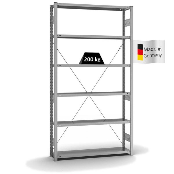 PROREGAL Fachbodenregal Stecksystem T-Profil Medium-Duty Grundregal HxBxT 250 x 130 x 30 cm 6 Ebenen Fachlast 200 kg Einseitig Nutzbar Verzinkt
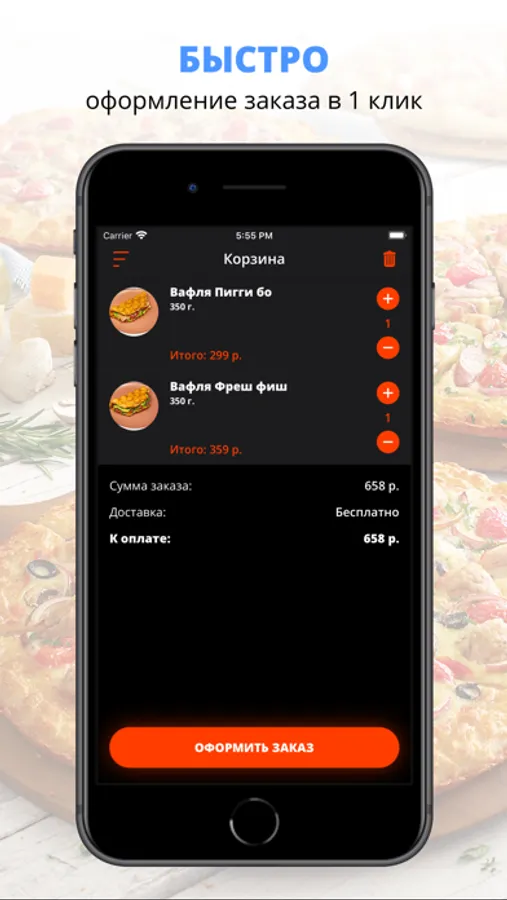 Скачивайте наше приложение, оформляйте заказ и наслаждайтесь любимой едой, где бы Вы ни были! Приятного аппетита!
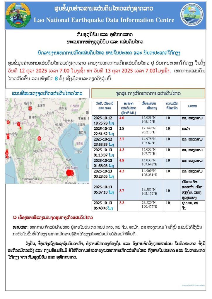 ພາຍໃນປະເທດ ແລະ ບັນດາປະເທດໃກ້ຄຽງ, ສູນຂໍ້ມູນຂ່າວສານແຜ່ນດິນໄຫວແຫ່ງຊາດລາວ ລາຍງານເຫດການເກີດແຜ່ນດິນໄຫວ ຢູ່ ບັນດາປະເທດໃກ້ຄຽງ ໃນຄັ້ງວັນທີ 12 ຕຸລາ 2025 ເວລາ 7:00 ໂມງເຊົ້າ ຫາ ວັນທີ 13 ຕຸລາ 2025 ເວລາ 7:00 ໂມງເຊົ້າ.
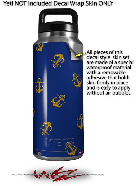 Skin Decal Wrap for Yeti Rambler Bottle 36oz Anchors Away Blue (YETI NOT INCLUDED)
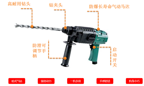 主要用于巖石,磚墻,混凝土等構(gòu)件上鑿孔,作安裝管道、架設(shè)動(dòng)力線路、安裝地腳螺栓、化工廠、精煉廠、建筑、重工業(yè)、危險(xiǎn)潮濕的隧道、水下及狹窄的空間作業(yè);尤其在高瓦斯防爆礦井中,氣動(dòng)防爆無(wú)火花更能體現(xiàn)安全性。它是提高工效,減輕勞動(dòng)強(qiáng)度的工具.

# # # #

* **Your task**: Print nothing except the lines above from the one containing "Скачивайте наше приложение, оформляйте" down to the one containing "ເວລາ 7:00 ໂມງເຊົ້າ.", both included, exactly as written and free of pictures.

* **Solution below**:
 Скачивайте наше приложение, оформляйте заказ и наслаждайтесь любимой едой, где бы Вы ни были! Приятного аппетита!
 ພາຍໃນປະເທດ ແລະ ບັນດາປະເທດໃກ້ຄຽງ, ສູນຂໍ້ມູນຂ່າວສານແຜ່ນດິນໄຫວແຫ່ງຊາດລາວ ລາຍງານເຫດການເກີດແຜ່ນດິນໄຫວ ຢູ່ ບັນດາປະເທດໃກ້ຄຽງ ໃນຄັ້ງວັນທີ 12 ຕຸລາ 2025 ເວລາ 7:00 ໂມງເຊົ້າ ຫາ ວັນທີ 13 ຕຸລາ 2025 ເວລາ 7:00 ໂມງເຊົ້າ.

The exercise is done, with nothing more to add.